Gubler currently ships their plants to Texas, which distributes orchids to over 700 companies north of Texas.

Busy hands make for a happy heart, and in this case, beautiful flowers too.

Although Gubler Orchids does not sell corsages themselves, they certainly supply the orchids other distributors use to make the fragrant wearable arrangement of flowers given as a gift that are especially popular for proms and weddings.

Everywhere one turns at Gubler’s, they are treated to colorful sights for the eyes and a cornucopia of scents for the nose.

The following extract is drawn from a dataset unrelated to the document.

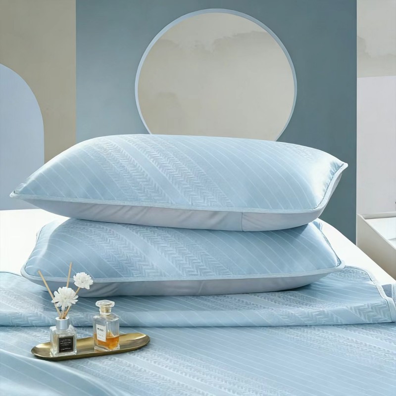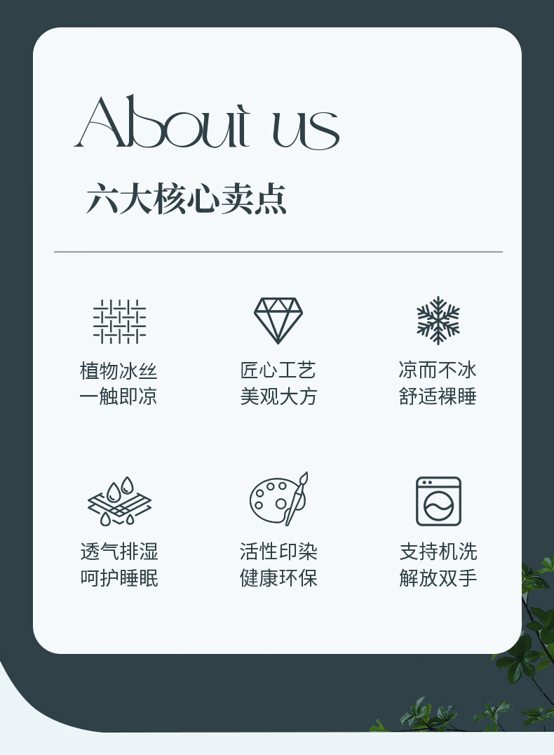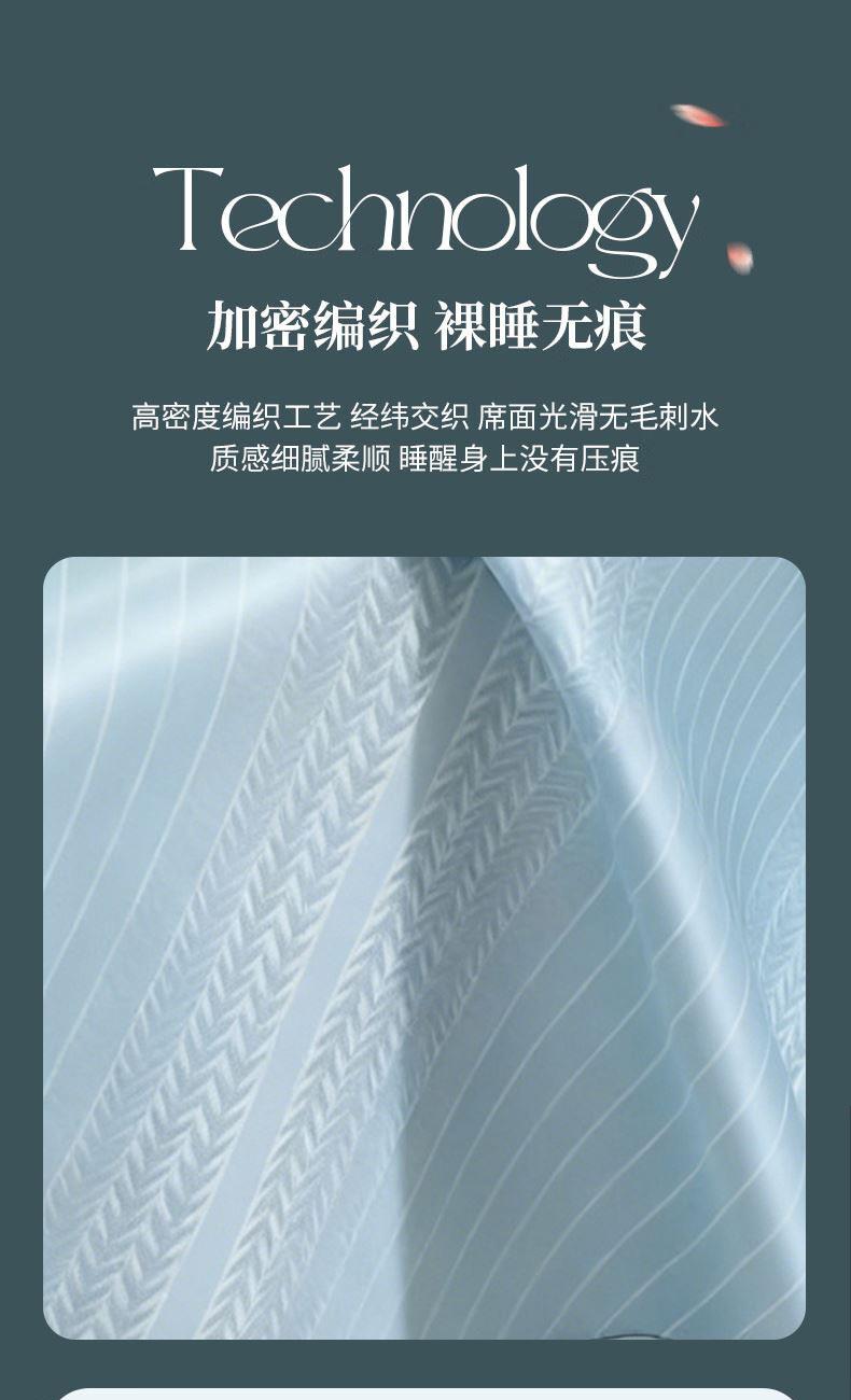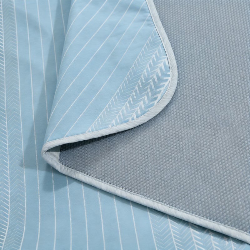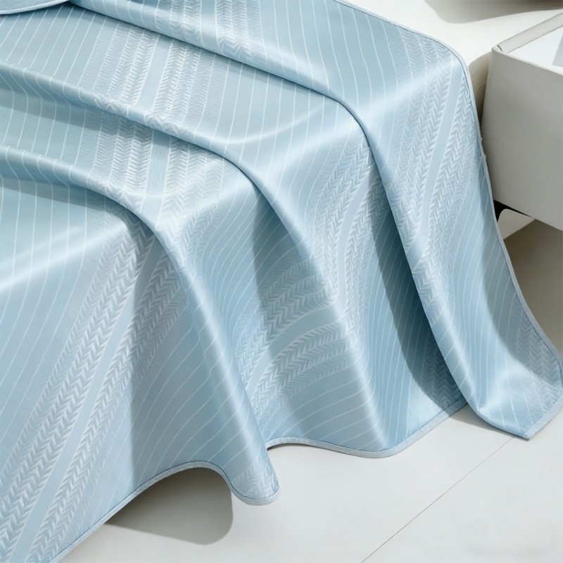 规格:180*200cm 枕套:48*74cm*2 面料:植物冰丝 复合料:华夫格 执行标准:Q/TDY 01-2016 安全类别:GB18401-2010 B类 1.萃取植物冰丝,自然清凉,凉而不冰,久睡不粘。 2.凉感冰丝纤维织物本身经过处理,可以破坏细菌的寄生环境,有效防止细菌滋生进入,切断它们的食物链,洁净卫生,适合裸睡。

A fly’s worst nightmare waits within the walls at Gubler Orchids

Gubler Orchids offers a nice selection of carnivorous plants. Pitcher plants use a passive method in catching their prey.  Their tube- like leaves form pitchers that hold water and digestive fluids.  Gubler also grows Droseras, a semi-active carnivorous plant, and Sundews with gooey red tentacles. Gubler even has Butterworts, another bug-hungry plant, all available for purchase.

The popular Morongo Basin Orchid Festival was first held in October of 1996 and has been successfully running every October since.


2200 Belfield Blvd
Landers, California 92285

Watch for the signs on the corner of Highway 247 and Reche Road then again at Belfield in Landers. Tours are free, Monday to Saturday, 10 a.m.-3:30 p.m.

Plan ahead. There are other sites in the local area you may want to visit too, like the Morongo Basin Historical Society Museum (free, open Friday and Saturday 11 a.m.-3 p.m.), Giant Rock on BLM land (free), and the Integraton (by appointment only), all in Landers.